Politicians often resign after failing to win a general election. Tim Farron’s reason for resigning yesterday, spelled out in his statement, was a little more unusual. He said, “To be a political leader – especially of a progressive, liberal party in 2017 – and to live as a committed Christian, to hold faithfully to the Bible’s teaching, has felt impossible for me.” He goes on to explain, “…I seem to be the subject of suspicion because of what I believe and who my faith is in. In which case we are kidding ourselves if we think we yet live in a tolerant, liberal society.”
The charge laid by some – and Tim seems to invite this interpretation of his statement – is that he has been hounded out, driven out to the political wilderness by a secular witch hunt; his only crime that he held some Christian beliefs not perfectly compatible with modern liberal values. This just isn’t true.
His religious beliefs, and his right to hold them, have never really been central to the question of his legitimacy as a political leader. But there has been an issue of transparency on the part of Farron that has let him down since the conversation about his views on things like ‘gay sex’ began. The moral beliefs and values of the leader of a liberal party when it comes to the private lives of hundreds of thousands of people across the UK is not irrelevant to voters. Beliefs and values always tell us something about the way people behave and how they may act in the future. The electorate expect and deserve their representatives to be honest about their beliefs and values as a way of judging them.

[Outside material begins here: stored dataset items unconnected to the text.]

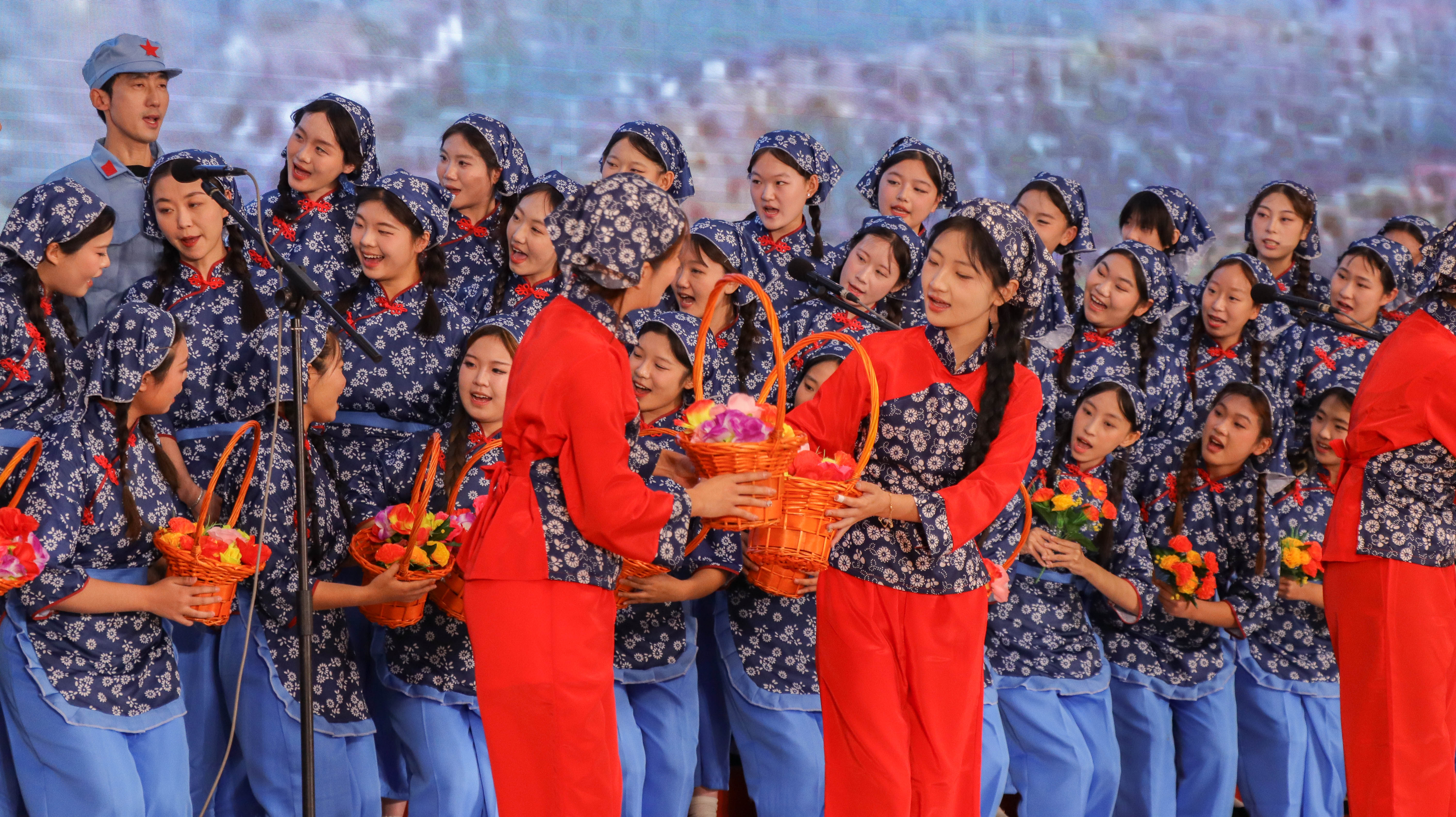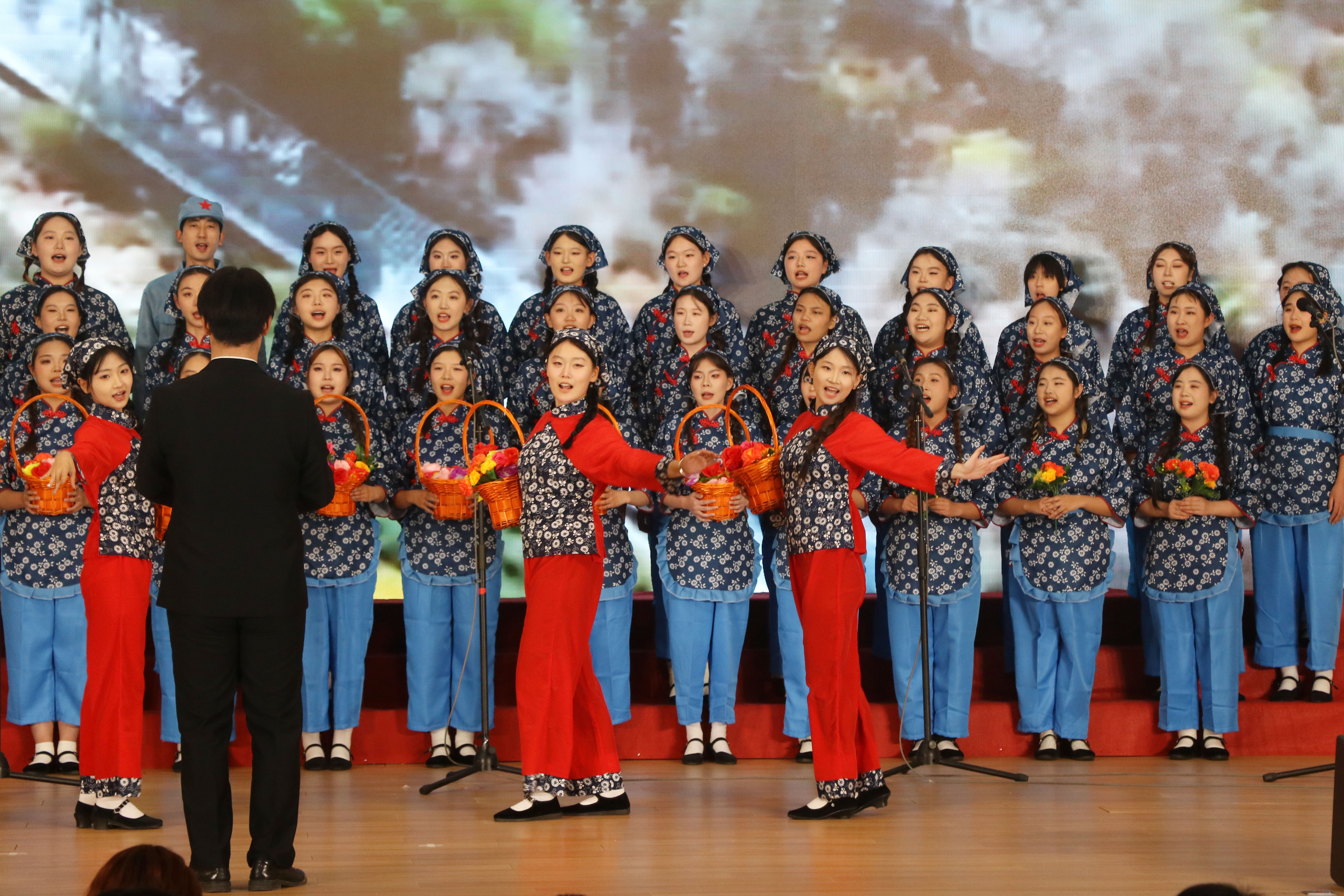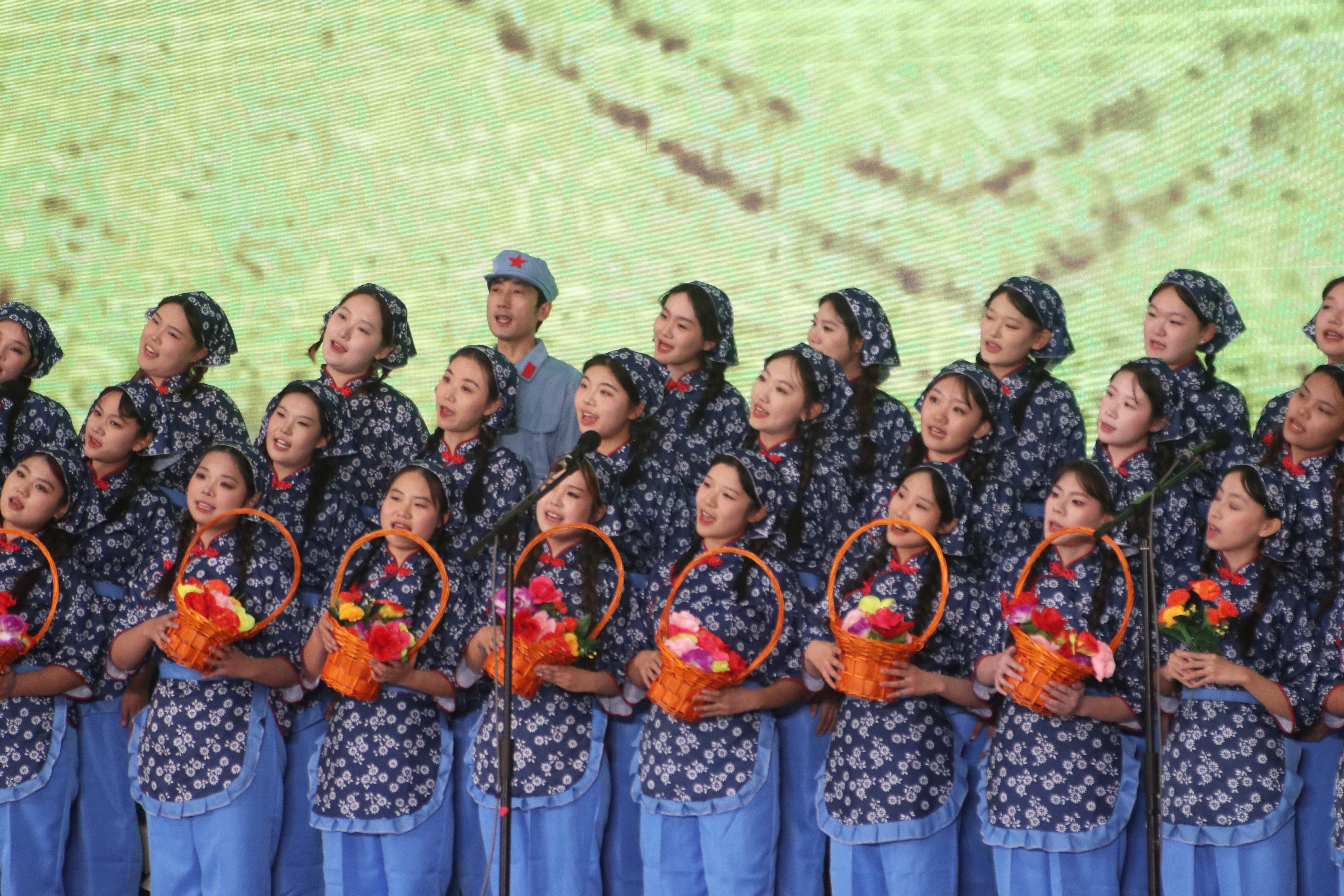 “花篮的花儿香,听我来唱一唱...”悠扬的歌声响起,瞬间将观众带入了那个艰苦奋斗、自力更生的南泥湾岁月。《南泥湾》这首歌曲旋律优美且富有激情,传媒师生用饱满的热情和嘹亮的歌声,唱出了对革命先辈们的敬仰,对美好生活的向往,对祖国山河的热爱。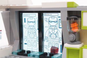 Den anden mere subtile design ulempe ved 76125 Iron Man Armor Hall står i klistermærkerne på skærmene ved Tonys skrivebord. Som de er på billeder, ser de ud i det virkelige liv - svære at læse. Det er nemt bare at sige, at sorte detaljer ville have været bedre, men det er endnu mere, når man overvejer jakkesættets baggrunde. Fremragende designet, stilistisk passer de perfekt til dragtskærmene i 76007 Iron Man: Malibu Mansion Attack, bortset fra det faktum, at dem fra 2013-sættet er tegnet i sort, ikke hvid. Hvad der kunne have været en perfekt sæt crossover, må vente.
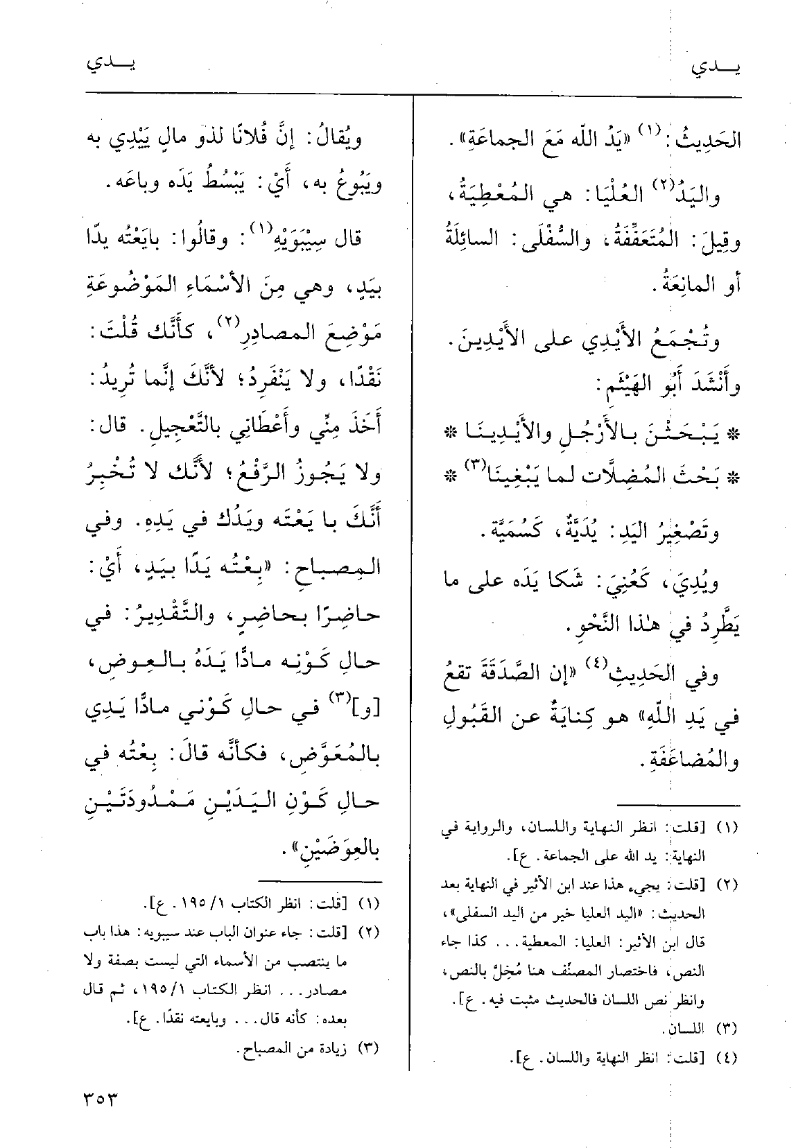الحَدِيث: ( {يَدُ اللهاِ مَعَ الجماعَةِ) ،} واليَدُ العلْيا هِيَ المُعْطِيةُ، وقيلَ: المُتَعفِّفَةُ، والسُّفْلى السَّائِلَةُ أَو المانِعَةُ.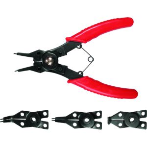 Pinza di precisione per anelli di sicurezza esterni su alberi. Con molla di apertura inserita - Finitura bonderizzata grigia. In acciaio cromo vanadio forgiato e temprato ad olio. Punte dritte in acciaio per molle temprato ed estruso. Articolazione a vite. Manici rivestiti in resina sintetica antiscivolo - DIN 5254 A.
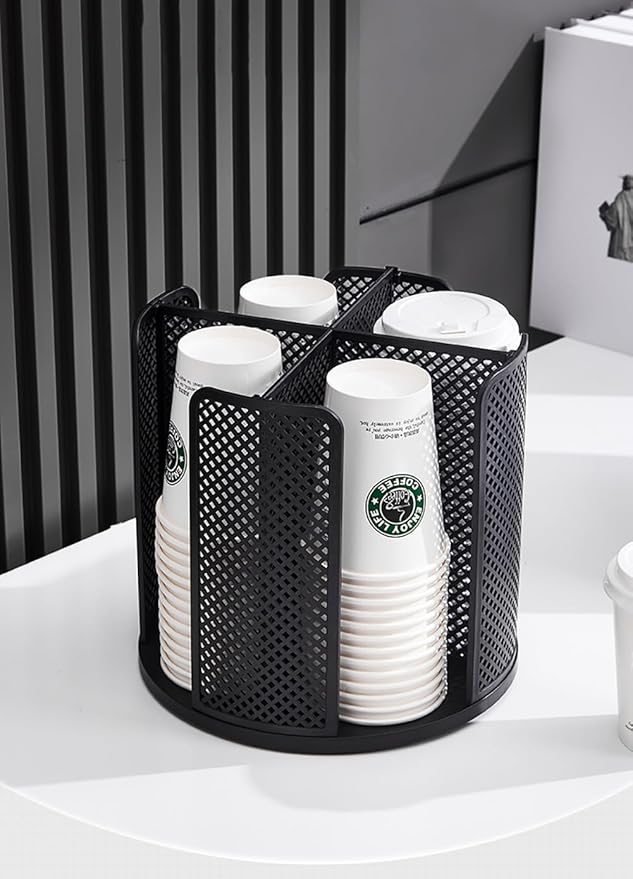 紙コップホルダー カップホルダー 360度回転 カップディスペンサー 紙コップ収納 カップスタンド 大容量 コーヒーカップ コンビニ、ビュッフェ、オフィスなど適用 (ブラック)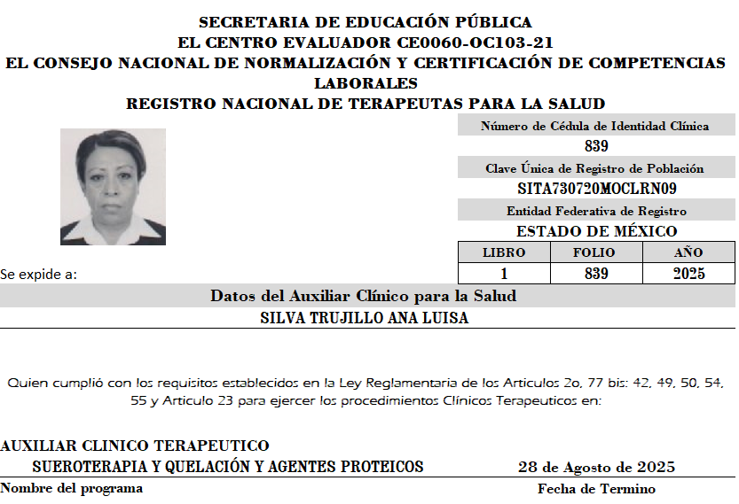 SILVA TRUJILLO ANA LUISA SUEROTERAPIA Y QUELACIÓN Y AGENTES PROTEICOS 00839 28-08-25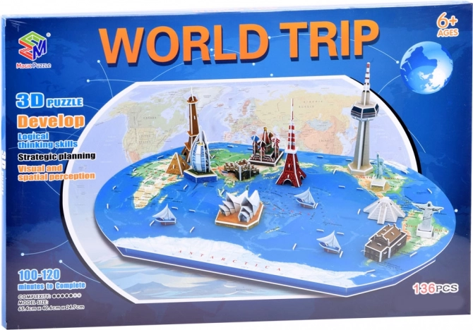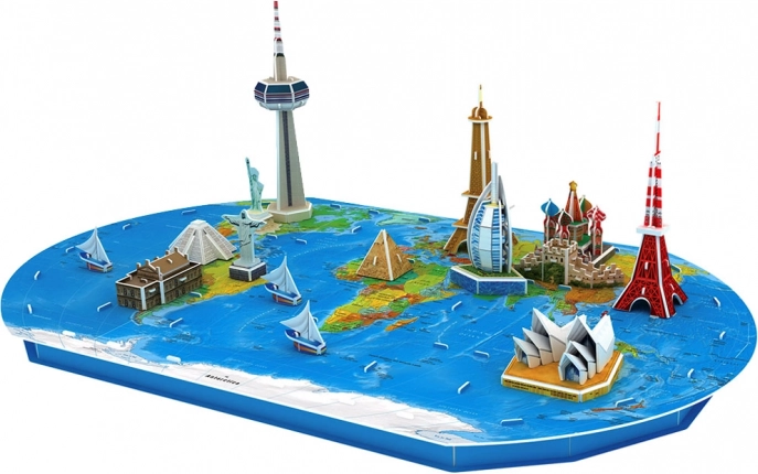 Trójwymiarowa mapa świata z wypukłymi zabytkami naturalnie skłania dzieci do odkrywania kontynentów, oceanów i najsłynniejszych budowli świata.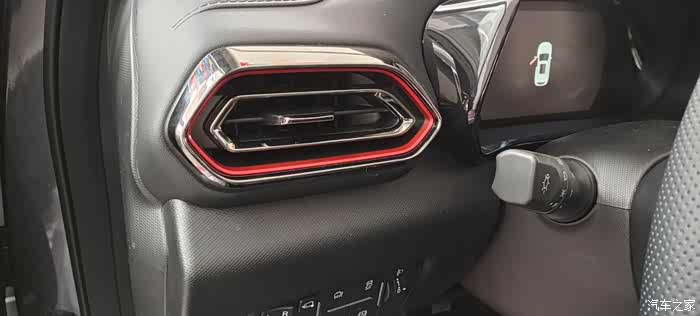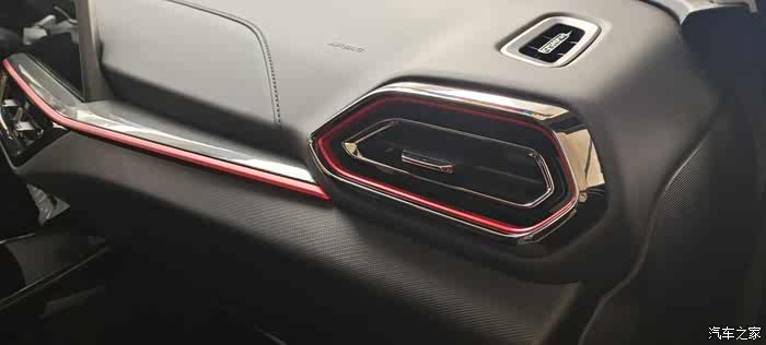 多层次造型空调出风口 ,三层设计,据介绍可承受100度高温不变形掉漆,不过镀铬和红色装饰看上去很漂亮!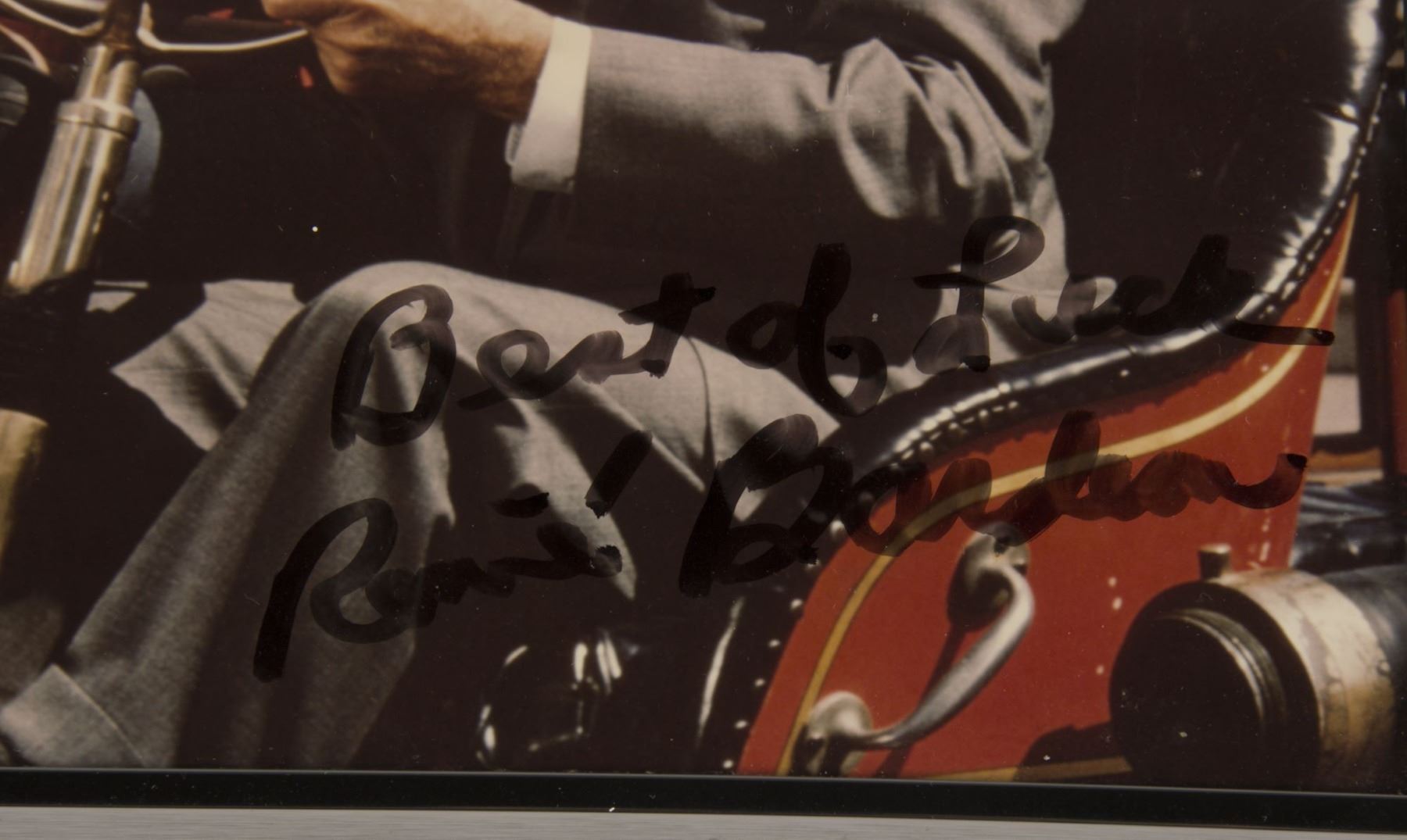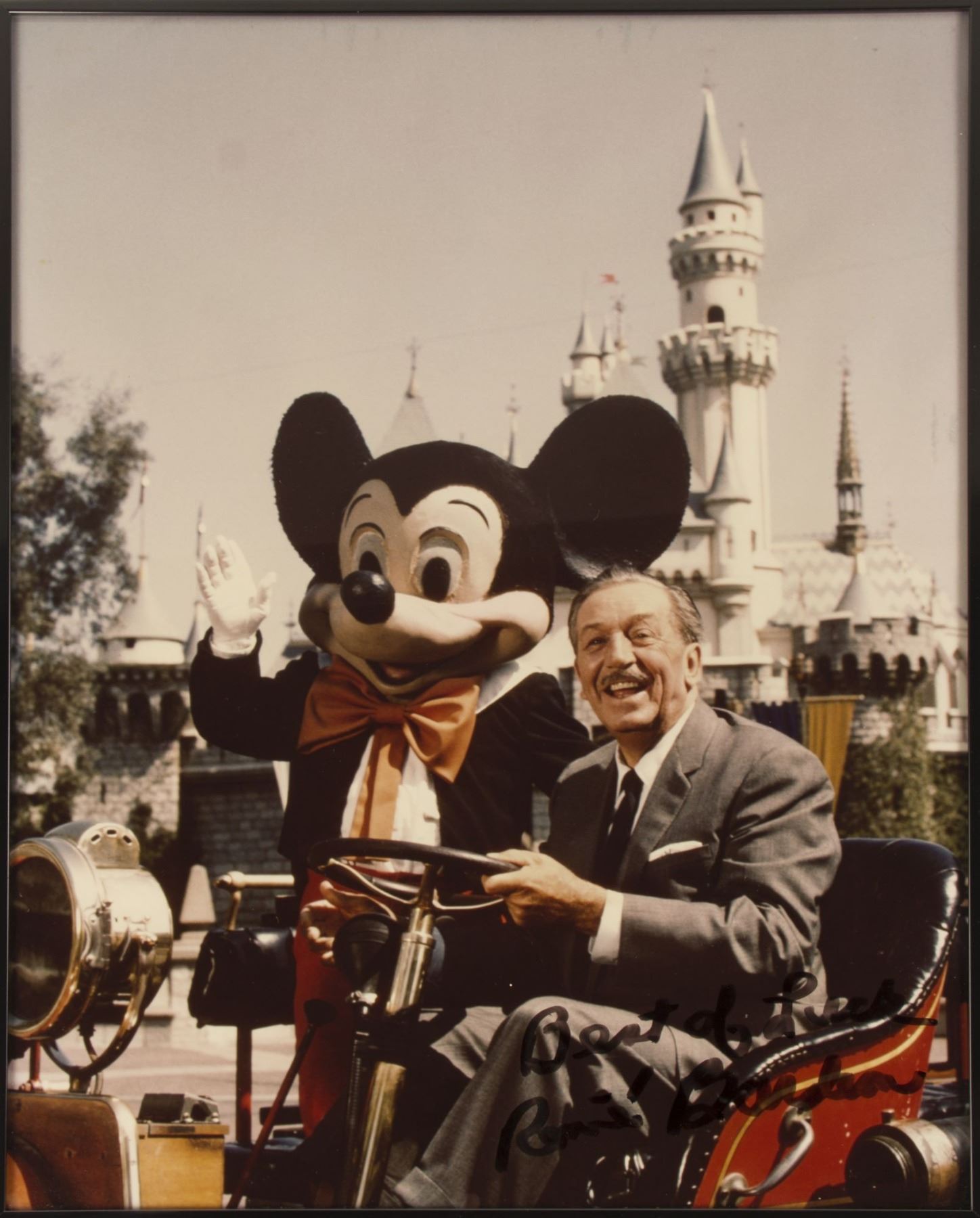 (Disneyland, c.1964) An original photo signed by renowned Disney photographer Renie Bardeau. This photo is credited as the last photo that Bardeau took of Walt in Disneyland, and features Walt and Mickey sitting behind the wheel of a firetruck and Sleeping Beauty Castle highlighted in the distance. Bardeau is well known for capturing the iconic photo, "Footsteps." This photo measures 14.5"x11" and is in very good condition with minor wear.

Transparency and openness about his Christian beliefs, whatever they are or were, may have attracted suspicion from our mostly non-religious society; they may have endeared him to some other believers; and people would have had to square them with their own voting intentions – that’s democracy. The one thing Farron’s beliefs would not and did not attract is persecution on the grounds of religion.
The idea that Christians are being hounded from public life is nonsense. The Cabinet has a larger proportion of Christians sitting in it than it has for years. The House of Commons has a far greater proportion of Christians than the proportion of Christians in society generally. (In fact, twice as great. If any belief group is proportionally underrepresented in government it’s the non-religious.) And Christianity has never been higher on the agenda when it comes to the public profile of the Prime Minister; both Theresa May and David Cameron spoke freely on how their religion shaped their time in high office. Conversely, our non-religious MPs are rarely comfortable pinning their humanist colours to the mast, much preferring to steer well away from the topic of the religious beliefs they don’t have. Conservative MPs fear ‘coming out’ as atheist, likening it to the pressures felt by gay members to keep quiet about their sexuality. Criticism of religions by politicians today is almost taboo, quite different from the past when Clement Attlee called Christian theology ‘mumbo-jumbo’, Winston Churchill mocked it, and Pitt the Elder even wrote a whole pamphlet saying it was all superstition. The truth is that Christians in Parliament today have never had it so good.